Ayons tous une pensée particulière pour la Colombie où des élections se tiennent aujourd’hui, opposant une opposition pro-paix à un trumpiste voulant poursuivre la politique du gouvernement conservateur précédent pro-OTAN. Rappelons que les pays de l’OTAN cumulent des budgets militaires à 60% des budgets mondiaux tandis que la Russie est à 3,4% environ, selon le SIPRI.

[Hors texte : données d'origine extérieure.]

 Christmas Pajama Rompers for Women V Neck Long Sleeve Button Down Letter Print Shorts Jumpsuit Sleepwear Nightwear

L’Institut international de recherche sur la paix de Stockholm
Qu’est-ce que le SIPRI ? J’ai le privilège d’être porte-parole principal des Artistes pour la Paix depuis 1985 (bonjour au collègue Pietro Pizzuto!). En 2009, la dynamique directrice du Musée des Beaux-Arts de Montréal, Nathalie Bondil, avait organisé une exposition audacieuse célébrant le 40e anniversaire du bed-in à Montréal de John Lennon et Yoko Ono : nous y avions participé avec Coral Egan, Mara Tremblay, Catherine Major, Catherine Durand, Samian et Sylvie Paquette.

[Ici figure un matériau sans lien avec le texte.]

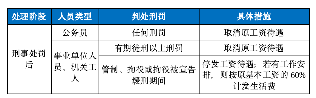 如果是事业单位工作人员和机关工人,法律规定则更为细化。若被判处有期徒刑以上刑事处罚,从人民法院判决生效之日起,取消原工资待遇。被判处管制、拘役或拘役被宣告缓刑期间,工资待遇停发,不计算工作年限。在拘役被宣告缓刑期间安排了临时工作的,按本人基本工资的60%计发生活费。期满后的工资待遇,根据所受处分相应确定。

Ne misant pas uniquement sur la musique, les chansons, les poèmes et les arts, le regroupement pacifiste que je présidais prônait aussi la non-violence et le désarmement avec feu Yves Bélanger, directeur depuis 1985 du Groupe ressource sur l’industrie militaire et la sécurité (GRIMS). J’ai partagé sa dernière conférence pendant la grève des professeurs de 2009. Car le syndicat de l’UQAM organisait des conférences gratuites par ses professeurs et la même année, paraissait chez Albin Michel Capitalisme et pulsion de mort, coécrit par mon collègue économiste amoureux de Mozart, feu Gilles Dostaler avec Bernard Maris, ce dernier assassiné dans les locaux de Charlie-Hebdo, friand de vérités gênantes comme le Monde Diplomatique et Pressenza dans un monde de médias noyautés [2].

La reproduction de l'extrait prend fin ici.